Saturday, January 22, 2011

Schmidt Out As Google’s CEO, Page To Take Over

Eric Schmidt is stepping down as CEO of Google Inc., and Larry Page, who helped start the search engine, is taking the top job as of April 4.

Schmidt will stay on as executive chairman of Mountain View, Calif.-based Google (NASDAQ: GOOG).

Page is now the company's president of products. Schmidt will help him get up to speed for the company's top job before he leaves, Google said. Page may have something to learn, as the last time he held the top job at Google was in a very different era, from late 1998 until Schmidt replaced him.

Sergey Brin, Google's other founder, isn't changing his role at the company. He will keep "focusing on strategic products," Google said in a regulatory filing on Thursday.
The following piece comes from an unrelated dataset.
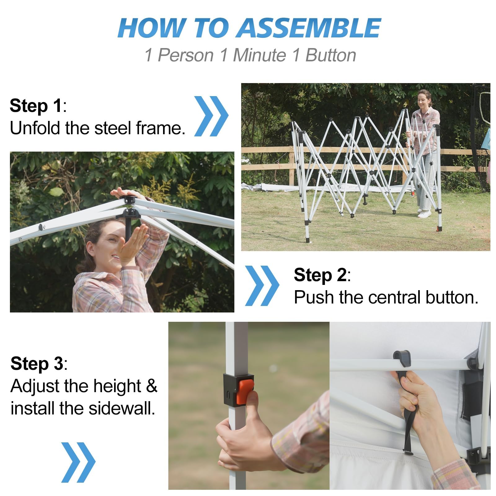 ๐ข๐ป๐ฒ-๐๐๐๐๐ผ๐ป ๐ฃ๐๐๐ต ๐ฆ๐ฒ๐๐๐ฝ: The 10x10 pop up canopy features an innovative one-touch central locking system that simplifies the assembly process to less than a minute. Simply press the central locking mechanism and the entire structure snaps securely into place without the need for any tools.The installation can be completed quickly by 1-2 people, making it ideal for outdoor scenes

The company portrayed its change at the top as evolutionary rather than revolutionary. "Larry ... is ready to lead," Schmidt wrote on his blog, adding via Twitter: "Day-to-day adult supervision no longer needed!"

Schmidt said that although what he called the "triumvirate approach" of leadership by himself, Page and Brin has real benefits, it is time "to clarify our individual roles so there's clear responsibility and accountability."

Schmidt became CEO of Google in July 2001, when he'd already been chairman of the board for several months — Google put him on the board and made him chairman in March of that year.

He was chairman and CEO of Novell Inc. before coming to Google, and he also worked for Sun Microsystems, where he was chief technology officer.

Google has been expanding its presence in Pittsburgh. The company came to town in 2006 when it opened an office on the campus of Carnegie Mellon University in the Collaborative Innovation Center. Last year, the company moved into roughly 40,000 square feet of space at the redeveloped Bakery Square, and earlier this month, it confirmed that it intends to take up more than 100,000-square-feet in the building.

On the same day the company announced the management shake-up, it reported year-end profit of $8.5 billion, or $26.31 a share, up from $6.5 billion, or $20.41 per share, a year ago.